Pickle Wants Bigger Facebook Following Than Nickelback

This week, after the shit show known as Nickelback was crowned Band of the Decade by Billboard — validating the taste of its seven-figure Facebook fan base — someone something good and pure and vinegary has come along to take a stand against these ass-pokers with a righteous kick in the dick. A pickle, to be exact.
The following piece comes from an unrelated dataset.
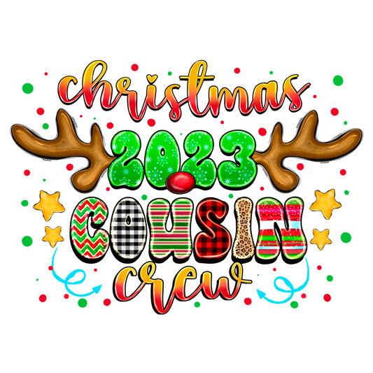 Festive "Christmas 2023 Cousin Crew" design featuring playful colors, reindeer antlers, and fun patterns, perfect for holiday gatherings!DTF Transfers heat press transfers
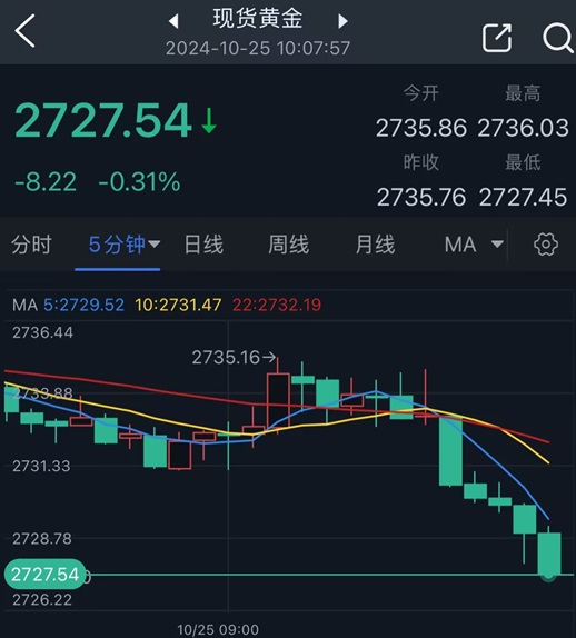 北京时间10:07,现货黄金报2727.54美元/盎司。

In an attempt to give the band a gnarly case of size envy, the above condiment has started a fan page, appropriately titled "Can this pickle get more fans than Nickleback?" The page is now at around 400K members, so become a fan now and help a brave fermented cucumber surpass the evil vanilla rock’s camp (currently 1,392,481).

Related Posts:

Guss’ Pickles Ad Campaign Takes It Down a Notch

What do you think?

About The Author

Notorious J.A.P.

Bitch'll get back to ya.

16 Responses

  1. Anonymous

    Google may pay heed. “Level of community support is certainly one supra parts of the factors we’re considering,” says a Google spokesman who Reply

  2. Anonymous

    one day i went shopping outside,and in an ed hardy store,I found some kinds of ed hardy i love most they are Your website is really good Thank you for the information links of london links of

    Reply
  3. Anonymous

    Long before that nighttime soap brought him international tag heuer fame, Forsythe worked steadily in both film and TV, earning an Emmy nod back in 1953. Forsythe also tag heuer contended at the

    Reply
  4. Anonymous

    Prior to airing the two-hour series finale, there will be a replica watches one-hour recap of all six seasons of this 2005 Emmy winner for best drama replica watches series. Then after the replica watches show, Jimmy Kimmel Reply

  5. Anonymous

    Tom Quinn, senior VP of Magnolia, calls replica watches this an incredible achievement on so many levels. On average, less than 50 specialized films replica watches a year cross the $1 million mark, so to see our little program replica watches blossom int

    Reply
  6. Anonymous

    But he’s dug himself a partisan hole with this big bill, and it’ll be interesting to breitling watches see him try to dig his way out. On the one hand, an Academy Award is nothing to sneeze at. Bullock has Reply

  7. Anonymous

    It’s almost as bad when you ask tag heuer watches voters how the law will affect them personally. There is lots of doubt and some considerable belief or hope that the new law won’t affect them

    Reply

Leave a Reply

Your email address will not be published.